1.5 Add default User to Docker Group

Add your default user to the 'docker' group to manage Docker as a non-root user:

sudo usermod -aG docker $USER

1.6 check on Docker status

systemctl status docker

2.Install NVIDIA Container Toolkit

2.1 Add NVIDIA GPG Key and NVIDIA Container Toolkit Repository

Start by adding the NVIDIA GPG key to ensure the authenticity of the software packages and add the NVIDIA Container Toolkit repository to your system's software sources:

curl -fsSL https://nvidia.github.io/libnvidia-container/gpgkey | sudo gpg --dearmor -o /usr/share/keyrings/nvidia-container-toolkit-keyring.gpg && curl -s -L https://nvidia.github.io/libnvidia-container/stable/deb/nvidia-container-toolkit.list | sed 's#deb https://#deb [signed-by=/usr/share/keyrings/nvidia-container-toolkit-keyring.gpg] https://#g' | sudo tee /etc/apt/sources.list.d/nvidia-container-toolkit.list

2.2 Enable Experimental Features (Optional)

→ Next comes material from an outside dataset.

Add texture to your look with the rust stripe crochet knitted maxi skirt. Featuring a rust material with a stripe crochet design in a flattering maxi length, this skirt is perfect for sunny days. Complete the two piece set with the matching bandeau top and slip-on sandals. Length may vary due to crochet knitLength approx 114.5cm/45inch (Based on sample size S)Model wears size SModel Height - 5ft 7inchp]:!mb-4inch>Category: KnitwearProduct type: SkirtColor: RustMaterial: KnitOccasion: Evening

If you wish to use experimental features, uncomment the respective lines in the sources list:

sudo sed -i -e '/experimental/ s/^#//g' /etc/apt/sources.list.d/nvidia-container-toolkit.list

2.3 Update Package Index and Install NVIDIA Toollit

pdate your package index and install the NVIDIA Container Toolkit:

sudo apt-get update
sudo apt-get install -y nvidia-container-toolkit

3.Configure Container Toolkit

3.1 Configure NVIDIA Container Toolkit

Configure the NVIDIA Container Toolkit to work with Docker:

sudo nvidia-ctk runtime configure --runtime=docker

3.2 Restart Docker Service

Apply the changes by restarting the Docker service:

sudo systemctl restart docker

4.Prerequisites Before Installing CUDA Drivers

Ensure your system meets the following prerequisites before proceeding with the CUDA driver installation. For detailed guidance, refer to the official NVIDIA CUDA installation guide (https://docs.nvidia.com/cuda/cuda-installation-guide-linux/index.html#pre-installation-actions).

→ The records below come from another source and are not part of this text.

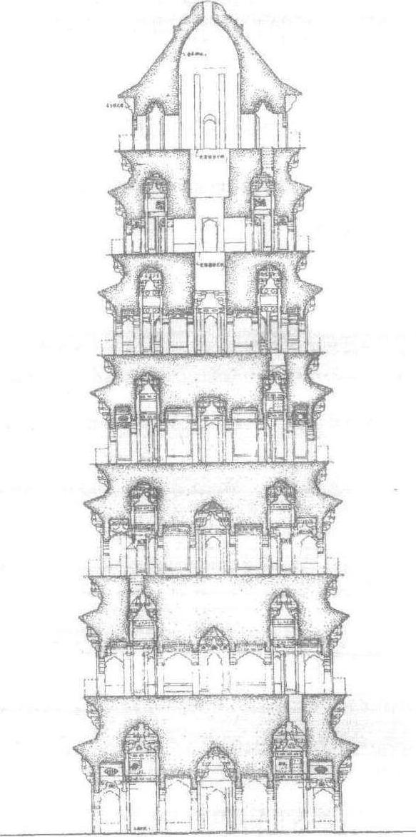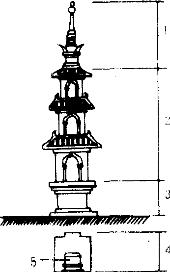 塔的结构示意图 1.塔刹 2.塔身 3. 基座 4. 地宫 5. 宝函 我国古塔现存三千多座,种类繁多,丰富多采。塔的分类方法有多种:如从平面形状上分,有四方形、六角形、八角形、十二角形、圆形等。以建筑材料上分,又有木、砖、石、金、银、铜、铁、琉璃砖瓦造的等等。从佛教教义上讲,又有所谓生身舍利、法身舍利、各种宗教派的塔等等。为了概括和突出古塔在我国古建筑中的艺术造型与结构形式予以分类,大约有楼阁式塔、密檐式塔、亭阁式塔、花塔、覆钵式塔、金刚宝座式塔、过街塔及门塔、宝箧印经塔等。现选择其中比较典型的古塔,分别简述如下: 大雁塔 在陕西西安市城南慈恩寺内。唐高宗永徽三年(652),玄奘为贮藏从印度取回的佛经而建。塔高5层。武则天时重修,增高为10层。后经战乱破坏,只存7层。经明代修葺即今塔。塔身系青砖砌成,高64米,呈方锥体,底层各边长25米,逐层缩小。每层四面各有一券拱门。塔内呈方形,有扶梯盘旋而上,可凭栏远眺。该塔造型简洁,气势雄伟,为典型的楼阁式建筑。塔底的门楣上雕刻唐建筑图案和佛像等线刻画,门旁嵌有“大唐三藏圣教序”碑刻,均是唐代珍贵文物。 祐国寺塔 在河南开封市内。建于宋皇祐元年(1049),为八角十三层仿木构楼阁式砖塔,高54米多。塔身外包砌红、褐、蓝、绿各色琉璃砖,因红、褐色调近似铁色,故称“铁塔”。塔身细部的琉璃上有佛像、菩萨、飞天、狮子、宝相花等装饰花纹50多种。雕工精细,神态生动,为宋代琉璃砖雕艺术的杰作。此塔是我国现存最早最大的一座琉璃建筑。 嵩岳寺塔 在河南登封嵩岳寺内,建于北魏正光元年(520),是我国现存最早的密檐式砖塔。塔高40余米,15层,平面呈十二角形。第一层塔身特别高大,这是密檐塔的特点。塔身之上叠涩出密檐十五层,塔檐之间每面各有小窗1个。15层之上,为一巨大的仰莲瓣组成的须弥座,以承托七重相轮组成的刹身,刹顶为巨形宝珠。整个塔的外形,呈圆和的抛物线状。巍峨挺拔,雄伟壮丽。 崇圣寺三塔 在云南大理城西北原崇圣寺,三塔鼎足而立。大塔方形,中空,名千寻塔,为密檐式建筑,形状与西安小雁塔相似,高69米多,共16层,每层正面中间开券龛,置白色大理石佛像一尊。根据塔的形制和云南当时的政治、经济情况及佛教传入云南的时间分析,此塔建于唐开成(836-840)以后。南北小塔实心,八角形,各十层,均高42米。各层分别雕券龛,佛像、莲花、瑞云等,华丽庄重,两塔顶各有3个衔接的铜制葫芦。第二个葫芦上遮有八角伞,其周边系铜铃,从建筑风格上看,两塔建于五代(907-960)。 妙应寺白塔 在北京西城阜成门内。建于元至元八年(1271),因塔身外部皆抹白灰,俗称白塔。高50多米,塔基为三层方形折角须弥座,其上为半圆突起莲瓣组成的覆莲座和承托塔身的环带形金刚圈,使塔从方形折角基座过渡到圆形塔身,自然而富装饰性。硕大的覆钵形塔身,形如宝瓶,外形粗壮稳健。刹座呈须弥座式,上立着下大上小的刹身,用砖砌成相轮十三重,其上置巨大的铜制宝盖,其周边悬挂着透雕铜制流苏和铜铃。宝盖上是刹顶,为一座铜制小喇嘛塔。1978年维修时,发现塔内藏有乾隆所赐的僧服、经书等各种珍贵文物。据记载,该座塔由尼泊尔工艺家阿尼哥设计建造,是我国喇嘛塔的最早代表作。 真觉寺金刚宝座塔 在北京西直门外,明成化九年(1473)建成。塔和宝座全部用汉白玉石建造,下为高7米多的四方形宝座,座前后辟券门,内有石梯盘旋而上通向宝座顶部。座上分建五座平面方形、单层密檐塔和一座琉璃罩亭。五塔分立在宝座中心和四角。中间一座较高,有十三重檐,四角的四座均是十一层重檐。塔身及金刚宝座上全部雕刻有佛像、梵文及宗教纹饰。造型虽近似印度建筑,但结构和雕刻手法则具有我国传统的民族风格,是中国建筑吸收外来文化的创造性作品。 佛宫寺释迦塔 在山西应县城佛宫寺。建于辽清宁二年(1056),塔高67.31米,楼阁式,塔身外观五层檐,每层出平座,内部则有四个暗层,实为九层,每层均有楼梯盘旋上下。平面呈八角形。平座上绕以柱杆游廊,可供周览眺望。塔的中心为了安置佛像,以各种斜撑和支柱结合使用,增强了塔体的刚度。由于塔的结构庞大复杂,各种物件变化很大,仅斗拱就有六十多种不同尺寸与形式。是我国现存最高、最大的木塔。木塔多次受强烈地震的波及,但没有任何损害。1974年维修时,发现一批辽代写经、刻经和木板套色绢质佛像等珍贵文物,对进一步研究辽代的政治、经济、文化、宗教活动等具有重要意义。 塔是供奉和收藏佛舍利(佛骨)、佛像、佛经、僧人遗体的建筑。又称佛塔、宝塔、浮屠、佛图、浮图。中国古塔的形式来源于印度的“悉堵坡”,在印度语中是“坟”或“宗庙”的意思,是释迦牟尼去世后,各地弟子为分藏他的舍利而建的坟的形式。它由圆或方形,多边形的台基、覆钵、宝匣、相轮四部分组成,演变成中国古塔后,台基变高成塔身,下有塔基和地宫,台基以上部分缩小成为塔顶的装饰。相轮上增设宝珠、塔刹等。中国的佛塔有楼阁式塔、密檐塔、单层塔、喇嘛塔、金刚宝座塔、花塔、过街塔等多种形式。楼阁式塔有木塔和砖石结构塔,有屋檐和平台栏杆,楼层各边有门窗可以登临远眺。晚唐前,塔的平面以方形为主,宋辽时期变为八角形,也有六角形的。密檐式塔为砖石造,塔身底层最高,以上各层逐层收缩,呈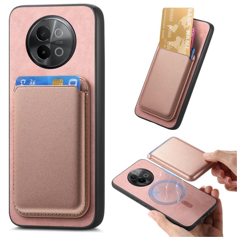 Για vivo S18e 5G Retro Magsafe κάρτα τσάντα PU πίσω κάλυμμα τηλέφωνο υπόθεση (ρόζ)
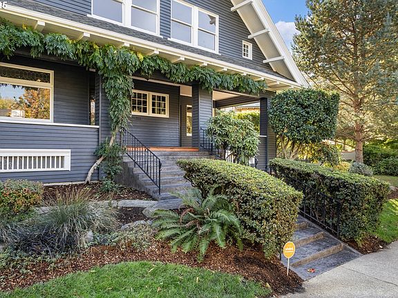 OPEN HOUSE SATURDAY 11-1 & SUNDAY 2-4! Located in historic Ladd’s Addition, this distinguished 1908 residence embodies the timeless character of a Craftsman-influenced Portland Foursquare. Its front-gable roofline, wide overhanging eaves, and broad covered porch reflect early-Portland craftsmanship, complemented by original millwork and multi-pane windows highlighting its graceful façade. Set on a distinctive unique lot with rare, wide frontage for the neighborhood, the property offers a sense of privacy, lush mature landscaping, and the beauty of a designated Portland Heritage Tree #287. A spacious, detached three-car garage offers room for vehicles, storage, and versatile use. Inside, beautifully maintained period features include rich woodwork, leaded glass, original hardwood floors, beamed ceilings, and classic built-ins. Bright, spacious rooms flow effortlessly from the welcoming entry through the living and dining areas, with large picture windows framing tree-lined street views. The upper level features four comfortably sized bedrooms, a full bath, and a sunroom ideal for reading, office use, or creative pursuits. The expansive finished lower level adds even more versatility with generous bonus/living space, a full bathroom, and direct exterior access. With its quiet, friendly, village-like atmosphere and proximity to neighborhood markets, local eateries and more, Ladd’s Addition offers an unmatched blend of history, charm, and convenience. A truly inviting place to live. [Home Energy Score = 1. HES Report at https://rpt.greenbuildingregistry.com/hes/OR10241927]

4.1 Verify CUDA-Capable GPU

First, confirm that your system has an NVIDIA GPU installed, this command should return information about the NVIDIA graphics card if one is present.

lspci | grep -i nvidia

4.2 Confirm Supported Linux Version

Ensure your Linux distribution is supported by checking its version, this command will display the architecture of your system and details about your Linux distribution :

uname -m && cat /etc/*release

4.3 Check Kernel Headers and Development Packages

Verify that your system has the appropriate kernel headers and development packages, which are essential for building the NVIDIA kernel module:

uname -r

5. Installing NVIDIA Drivers

Follow these steps to install NVIDIA drivers on your system. For detailed instructions, you can refer to the NVIDIA Tesla Installation Notes (https://docs.nvidia.com/datacenter/tesla/tesla-installation-notes/index.html).

5.1 Install Required Kernel Headers

Start by installing the Linux kernel headers corresponding to your current kernel version:

sudo apt-get install linux-headers-$(uname -r)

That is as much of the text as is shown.